City seeking suggestions for High Drive Bluff trail names

Diana Roberts and Jeff Corkill walk the trails of the Tuscan Ridge on Thursday, June 12, 2014, at the steep bluffs running near 57th and Hatch. (Tyler Tjomsland / The Spokesman-Review)

Attention, all Spokane recreationists with a knack for names: Six trails on High Drive Bluff need your talents.

Friends of the Bluff has partnered with the Spokane Parks & Recreation Department to map and name six trails. The naming period will end Feb. 26, at which point the Parks Department will review and decide on names.

The naming effort will feed into two major city efforts, said Angel Spell, assistant director of natural resources for Spokane Parks & Recreation.

The first is a new parks and open space plan which will inform city priorities for the next six to 10 years.

“Trails and open space are always at the top of the list for the community about what they care about the most,” she said. “We know that those spaces, those natural spaces, those undeveloped parks … are incredibly important to the community, users, citizens and visitors.”

More immediately, the naming effort will help the city complete a hiking and biking trails map.
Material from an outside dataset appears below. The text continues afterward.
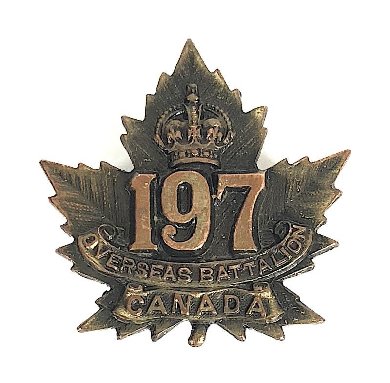 A good original First World War period 'Canadian CEF 197th Scandinavian Overseas Battalion pickled copper other ranks collar badge' the reverse impressed with maker's details 'R.J. Inglis Limited'. Very good condition, complete with original two loop fittings.Height approx 30mm.

Phil Larkin, a Friends of the Bluff board member and a professional cartographer and programer, called the entire effort exciting, saying that it could help publicize the network of trails just minutes from downtown.

“Long-term Spokanites don’t have any idea that there are 500 acres to play in,” he said. “Or they go down there and they have no idea where they are. … I’d like to see it open up to people who are new to hiking who are new to the area.”
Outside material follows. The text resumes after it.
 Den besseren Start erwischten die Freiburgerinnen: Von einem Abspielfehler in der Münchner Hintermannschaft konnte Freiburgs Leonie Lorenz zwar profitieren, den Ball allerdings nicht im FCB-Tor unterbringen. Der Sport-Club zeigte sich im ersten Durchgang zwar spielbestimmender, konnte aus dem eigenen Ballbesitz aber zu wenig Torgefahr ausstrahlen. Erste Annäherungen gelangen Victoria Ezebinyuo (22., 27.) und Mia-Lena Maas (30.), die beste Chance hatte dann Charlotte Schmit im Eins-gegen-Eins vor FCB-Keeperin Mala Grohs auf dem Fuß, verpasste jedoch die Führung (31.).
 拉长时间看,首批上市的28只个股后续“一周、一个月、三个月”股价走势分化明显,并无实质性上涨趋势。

The six trails run mostly north to south, although there is one loop trail in the southern end. Standardizing trail names and developing a formal trail plan will give people a common name to refer to them by, in addition to making access easier. More than 20 miles of trails wind through the 50-acre High Drive Bluff Park.

“I just think it would definitely help,” he said. “Just help the area get more attention.”
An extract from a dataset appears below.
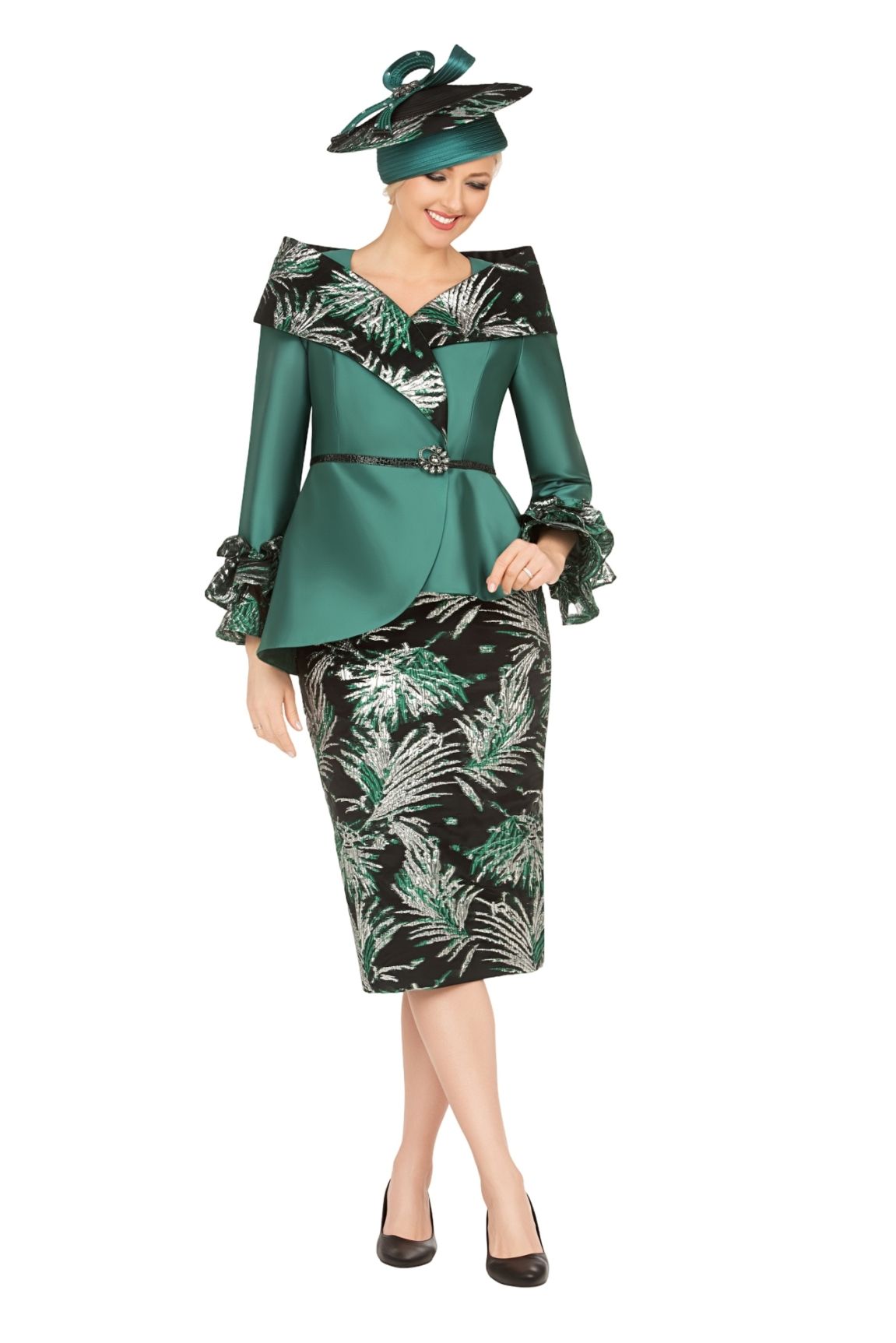 Description: 2pc Silky Twill & Jacquard Combo Skirt Suit

In addition to asking for potential names, Larkin said which trails are included and where they go is also open to input. Users can and should submit alternate trail ideas, he said.

As part of that effort, Friends of the Bluff will have a booth at the Great Outdoors & Bike Expo this weekend, where they hope to receive feedback and ideas in person.

Once the city has received name ideas, Parks & Recreation staff and the Park Board will review options and make a final decision on trail names, Spell said.

As for the city trail map, she hopes that will be complete sometime mid-to-late summer. The plan is to publish the maps online and make them compatible and available on mobile trail applications. There is no plan to create a printed map, she said. Area hiking maps may be released one at a time, or the city may wait to release them all together; she said that hasn’t been decided.

There are about 2,000 acres of undeveloped parks, natural areas and open space citywide, she said.

“We’d like to know what the community would like those trail names to be,” Spell said.